The Myth Of Altruism

Monday, January 4th, 2010

For many years I have carried around in my head an allegory of human time on earth. I can’t be arsed to look through my boxes and find it, but I’m pretty sure it comes from one of Carl Sagan’s books. In it, the age of the earth is represented by a hypothetical stack of sheets of paper from the earth to the moon, and the sum total of humanity is then represented by a single sheet of that paper.

It is a good, humbling image. Even more so when extrapolated down to the individual. A single human life is far less than a blink in time, yet as we study our own past we think of ourselves as ancient.

A long time ago — at least to us — back when all humans were still dark-skinned, mankind discovered farming and animal husbandry. The combination of those two discoveries allowed us to gradually take control of our own food cycle. All of modern civilization arises from the spare time created when we learned how to feed ourselves.

With our existence no longer simply a quest to stay alive, we were able to stop wandering and establish our own permanence. We created cities in which to live, languages with which to communicate and learn. We brought ourselves in from the wilderness.

Unfortunately, we brought with us the violence native to our existence in that wilderness.

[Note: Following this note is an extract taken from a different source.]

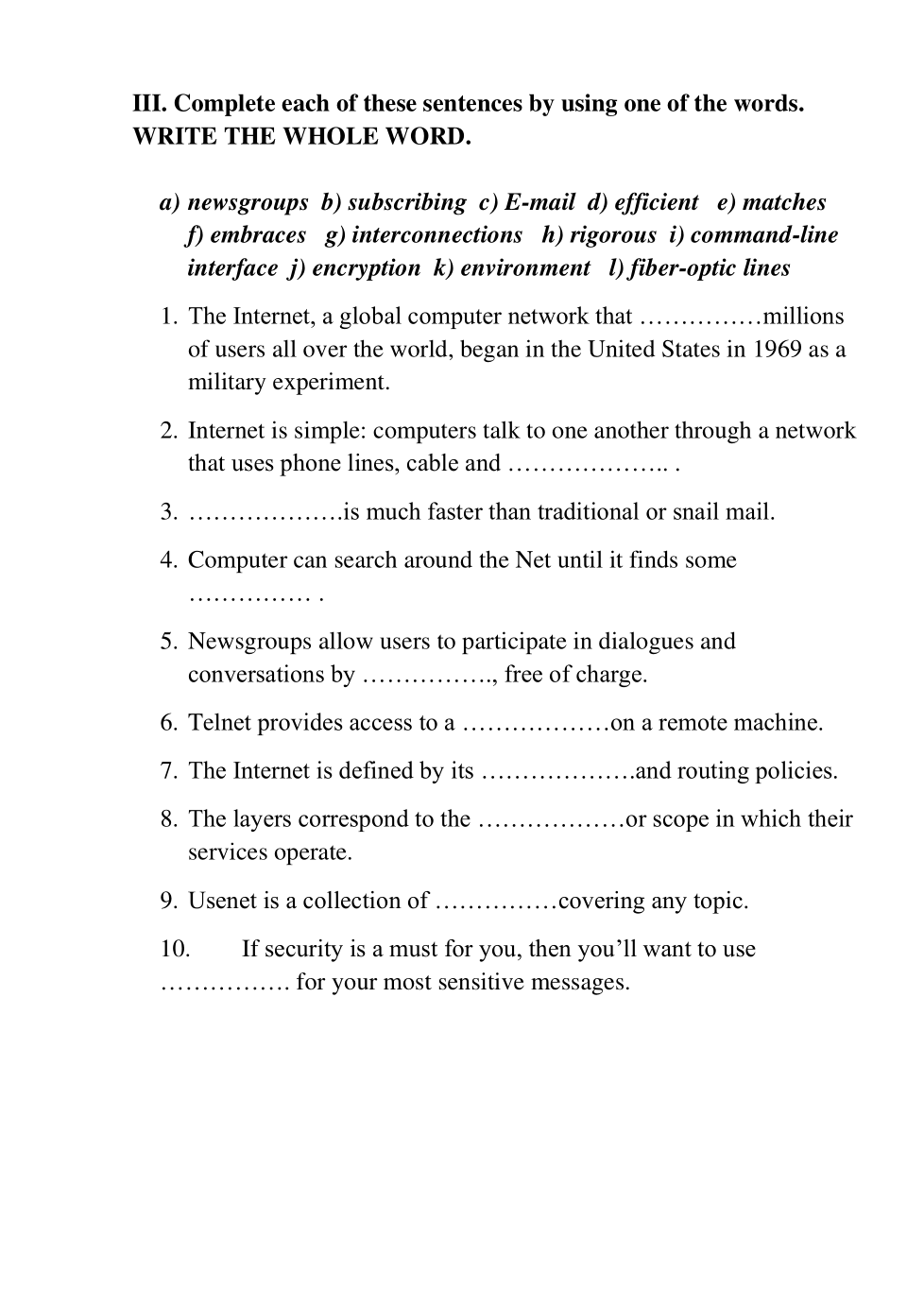 The Internet, a global computer network that ……………millions of users all over the world, began in the United States in 1969 as a military experiment.

As we were building civilization, we were also building armies and weapons of war. In northeastern Syria, at a place called Tell Brak, archeologists have spent years excavating one of the oldest and largest cities ever discovered. From Discover magazine:

Close examination reveals the settlement extending over an astonishing 136 acres in the period of 4200 to 3900 B.C., larger than other settlements of the time, with the sole exception of Uruk in southern Mesopotamia.

The site is rife with information about early urban civilization, and many discoveries are yet to be made. One of their latest finds is evidence of a mass slaughter, hundreds of bodies dumped into pits, nearly 6000 years ago.

The Sumerians seem benevolent in many of the images that they left behind, which depict feathered skirts, round faces, and shaved heads. Some artifacts had hinted at violence, but the new evidence from Brak shows that the conflict at the time of urbanization was at times appallingly brutal. When forensic scientists pieced together what took place during that bloody event, it was gruesome by any standard. The corpses of the losers in this conflict were left for weeks to rot in the sun, then dragged and shoved into shallow pits. The winners carved pointed sticks out of some of their enemies’ bones, slaughtered prize cows, feasted on roast beef, and tossed the scraps and plates on top of the decaying bodies.

Our concept of time is limited individually by our short lifespan and cumulatively by our brief total time of existence, so it is impossible to fix our own position (or course) on the evolutionary scale. There can be no sense of direction, but that’s never been a bar to speculation.

As for me, I take some small comfort in the fact that we have always been as bloodthirsty and incapable of compromise as we are now. Knowing full well that from within the confines of a single sheet of paper in a stack reaching to the moon, “always” is meaningless.